From its home screen on down to its Android buttons, the IdeaPad K1 features some major improvements on the standard Honeycomb interface we've seen on all of its Android 3.1 competitors. Instead of the electric-blue Tron-esque wallpaper and back/home/layers (a.k.a. task switching) buttons, the K1 comes with a rustic wheat field that reminded us of an Andrew Wyeth painting. The all-white back/home/menu buttons also have a much more down-home feel.
IdeaPad K1 Homescreen
In the center of the home screen sits the Lenovo Launcher Widget, which features four "zones" (a.k.a. buttons) surrounding a giant globe icon. The five "zones" are Watch (default launches mSpot Movies), Email (default launches Gmail client), Listen (default launches Slacker), Read (default launches Zinio magazine reader), and Web browser (the giant globe).
Tapping the settings wheel on the left of the widget allows you to customize which apps each of the zones launches and replace the globe button with a single image or slideshow. You can also change the color of the zone buttons and turn on/off Lenovo messages which appear as a tiny "I" icon between the Email and Read zones.
Lenovo IdeaPad K1 Tablet
We strongly recommend disabling the Lenovo messages, because they are nothing more than advertisements for movies, music, and other paid services.
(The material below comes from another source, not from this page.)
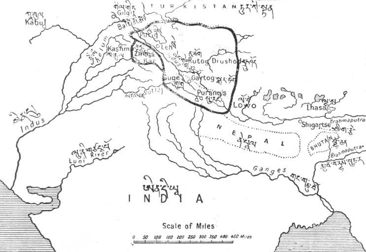 Keywords: The Territorial Extent of Ladakh during the period of King Nyimagon about 975 A. D.- 1000 A.D. as depicted in A History of Western Tibet by A.H. Francke, 1907.jpg en The Territorial Extent of Ladakh during the period of King Nyimagon about 975 A D - 1000 A D as depicted in A History of Western Tibet by A H Francke 1907 depicting not just the Aksai Chin but also inter alia Rudokh and Guge and the area to the west of the ridges which separate the plateau of Tibet from the highlands of Kashmir wherein are the Aling Kangri and Mavang Kangri peaks to the south of the Pulu Pass at the point where the Kuen Lun Range in Kashmir which runs southeast to northwest and the Altyn Tagh range in Tibet running southwest to northeast converge forming a V shape and culminating near the vicinity of Mayum La as integral part of Ladakh 2006-01-01 A History of Western Tibet by A H Francke 1907 August Hermann Francke 1870-1930 PD-old-80-1923 Uploaded with UploadWizard Historical kingdoms in India History of Jammu and Kashmir Maps of the history of Jammu and Kashmir History of Ladakh |

In fact, throughout our testing, the Lenovo message kept recommending that we buy an explicit rap album from the group LMFAO at Amazon.com. This kind of adult content recommendation would pose a serious problem for families with children.
Bad product recommendation on IdeaPad K1
The home screen is also adorned with shortcuts that toggle the speakers and microphone. A lock-shaped icon allows you to put the device to sleep without hitting the power button.
In the middle of the status bar sits the App Wheel button, which looks a lot like a comics-style speech bubble. When you tap it, the App Wheel appears on the right side of the screen, showing thumbnails of your six favorite apps. Swiping up and down on the wheel rotates through these thumbnails, while tapping on one launches its associated app. You can add/remove apps from the wheel by tapping the + / - icon that appears when it is active. This feature is welcome, but we guarantee that first-time Android Honeycomb tablet users will initially confuse the App Wheel with the Recent Apps button in the System bar.
Favorite Apps on the IdeaPad K1
As with other Honeycomb tablets, tapping on the Recent Apps button reveals a scrollable list of thumbnails for your open apps. However, Lenovo has innovated in a major way by adding "close" buttons to the corner of each thumbnail. Tapping one of these red Xs closes its associated app, saving precious system resources.